The gap between girls and boys reduces further for pupils in key stage 3. Leaders believe that this is as a result of a new plan for teachers' professional development. This includes a peer-observation programme to enable the most effective teachers to work directly with their colleagues, leading to a more consistent approach to teaching.

Leaders rightly state that this requires further development so that all teachers can deliver high-quality learning opportunities for pupils. ? Finally, we looked at what leaders have done to ensure consistently strong progress in the sixth form. This was because there were some inconsistencies in outcomes in 2018 and students on vocational programmes made significantly less progress compared with their peers on academic courses.

• Leaders have an accurate view of the relative strengths and areas for improvement in the sixth form. Intervention programmes have been implemented in response to any identified weakness in subject provision along with a more robust system for tracking students' progress. As a result, school assessment information indicates that progress in 2019 will be stronger for both vocational and academic programmes.

For example, we saw some highly effective support for Year 13 vocational students. The teachers planned effectively to provide appropriate tasks which accurately matched students' ability. As a result, students were supported in becoming more independent learners and they made strong progress.

Leaders rightly identify the need to make such practice consistent across all subjects. ? Students were positive about their experience in the sixth form and the level of support they received for their studies and future development. Typical of many, one student said, 'Lessons are hard enough but not so much it scares you off.'

The school is proud of the very high number of students who go on to study at university or undertake training after leaving school. Students feel listened to and appreciate the opportunities to become involved in the wider life of the school, for example as academic mentors to younger pupils. Next steps for the school Leaders and those responsible for governance should ensure that: ? pupils of all abilities, and particularly boys with middle prior attainment, make rapid progress by planning activities in all lessons which are consistently well matched to pupils' needs ? the strategy to ensure that all pupils have excellent attendance is sustained ? the behaviour policy is applied consistently to reduce the level of fixed-term exclusions further.

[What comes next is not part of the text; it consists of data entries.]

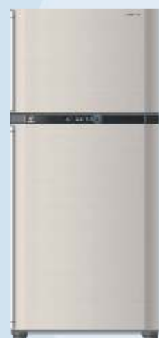
SJ-PT66R (596 litres) 800(W) x 1770(H) x 720(D) mm
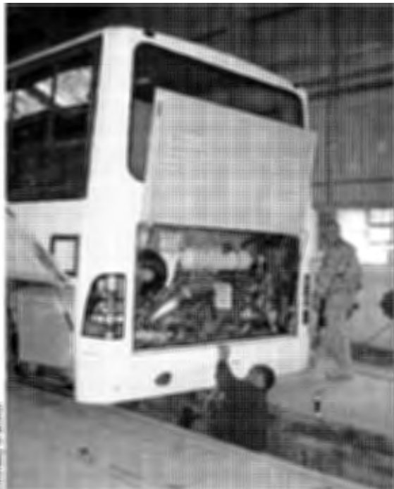
Workers assembling a bus in the SCAI bus and tractor factory, Iskandariyah, Iraq.

under UN sanctions, the CPA allowed and encouraged open international trade. This resulted in a burst of consumption by Iraqis and a corresponding rapid expansion of the retail sales sector, but had a wide range of other impacts—including further depression of economic activity in Iraqi factories, over-consumption of electrical power on a strained national electrical grid, and the near-crippling of Iraqi agriculture as cheap produce and foodstuffs poured across the border from neighboring states, especially Iran. This open trade situation has remained largely unchanged over the past four years.
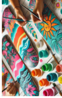
Design Your Own Skateboard Deck on a wooden Skateboard
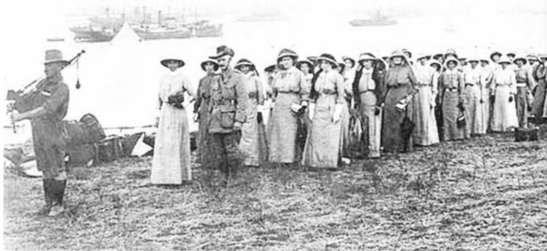
Figure 6: Arrival of the first detachment of Australian nurses being led by a piper.
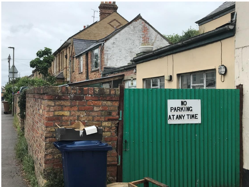
Photo 30 – South west boundary wall to Hurst Street and return to yard entrance.
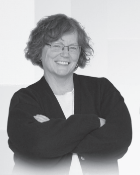
LOWER TAXES FOR SMALL BUSINESS OWNERS, FARMERS AND FISHERMEN

Contact your local financial institution to learn more about the rules of this important savings vehicle.
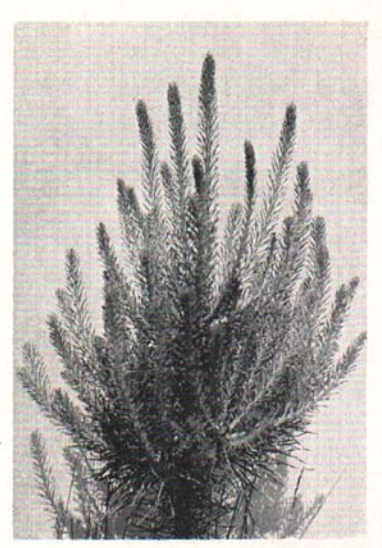
Fig. 5. Scotch pine terminal whorl showing profuse branching stimulated by shearing at proper season. Sixteen to 20 buds and branchlets are not uncommon. Balanced height growth.
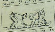
Matches will be as follows:

Hold over from 4th of July, the huge East vs West Sumo Tournament will be staged tonight at 7 p.m. in front of the bleachers. The first hour of the sumo program will be occupied by the children group with the remaining two hours used by the adults. Besides the East vs West matches, there will be five elimination (5 and 3) matches.
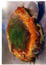
Okonomiyaki restaurant (approx. 100m)
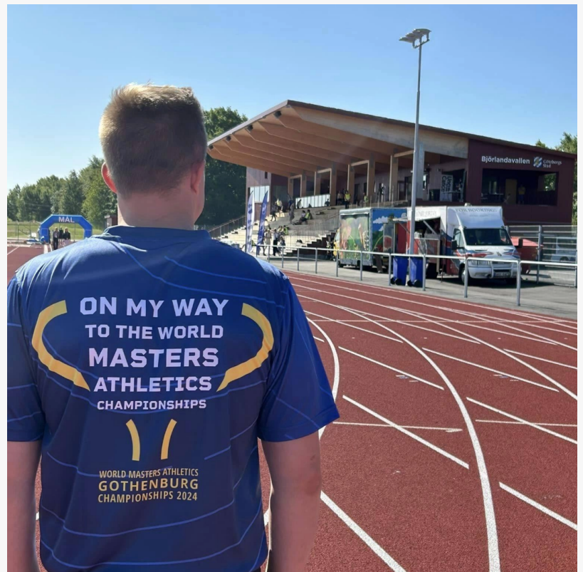
ON My Way to the World Masters Athletics Championships in Gothenburg
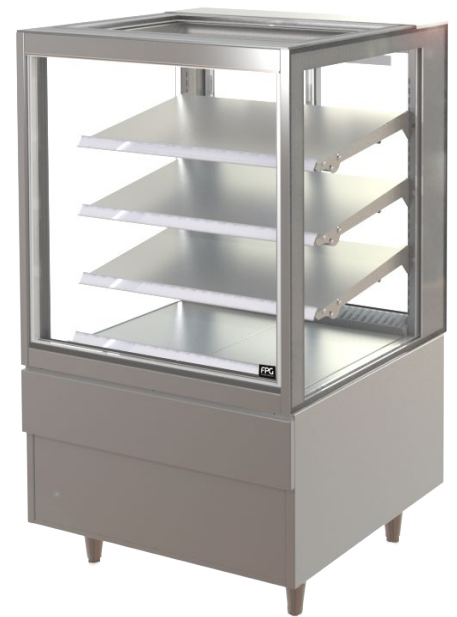
Showing : Inline 4000 Series ambient 800mm square freestanding fixed front
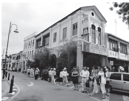
Cultural tourism at Armenian Street

Conservation is a challenge in a city that is under-regulated and hungry for private investment. At least now, the state leadership accepts that the city's 'Outstanding Universal Values' have to be protected. The first OUV is the city's built heritage or townscape consisting of several thousand double-storey shop-houses, studded with an East India Company fort, religious monuments, townhouses and bungalows, public buildings and mercantile offices. A special area plan for the two sites was drawn up in fulfilment of UNESCO requirements, but the semi-government George Town World Heritage Incorporated has lasting difficulty in employing architectural heritage expertise at local salaries to carry out monitoring and advisory functions. Furthermore, lax urban management has resulted in the proliferation of illegal swift-breeding, a threat that has depopulated entire historic towns across Southeast Asia.
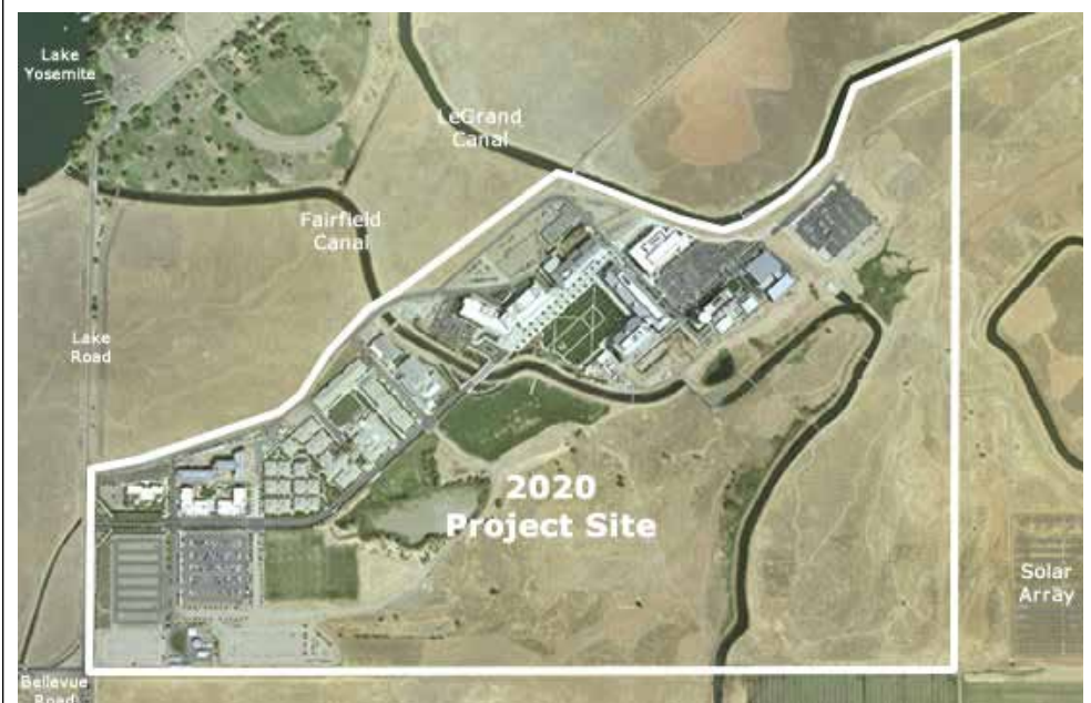
The UC Merced 2020 project will be built on the 219-acre campus site.
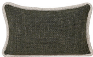
WOVEN MOSS DDCUSWOVMO002 - 37 x 57
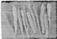
Rainbow Carrots $2.99/lb
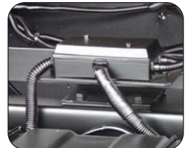
Water Tight Electrical Junction Box and Wiring Harness

Due to continuous product improvements, specifications may change without notice. Chassis available through DEL pool stock. Contact your local vehicle dealer for pricing and availability.

I am copying this letter to the chair of the governing board, the regional schools commissioner and the director of children's services for Sutton. This letter will be published on the Ofsted website. Yours sincerely David Boyle Ofsted Inspector Information about the inspection During the inspection, we held meetings with you, senior and middle leaders, including those responsible for safeguarding, to discuss the work of the school.

I also held a separate meeting with representatives of the governing body. We held informal conversations with pupils and staff. We visited 20 classes jointly with members of your senior leadership team, across all key stages.

We analysed a range of documentation, including: the school's self-evaluation and aspects of the development plan; assessment and attendance information; safeguarding information; and school policies and procedures. We checked information on the school's website. We considered the views of 109 parents who replied to Ofsted's online survey, Parent View, as well as the views of 62 staff and 484 pupils who responded to the Ofsted survey.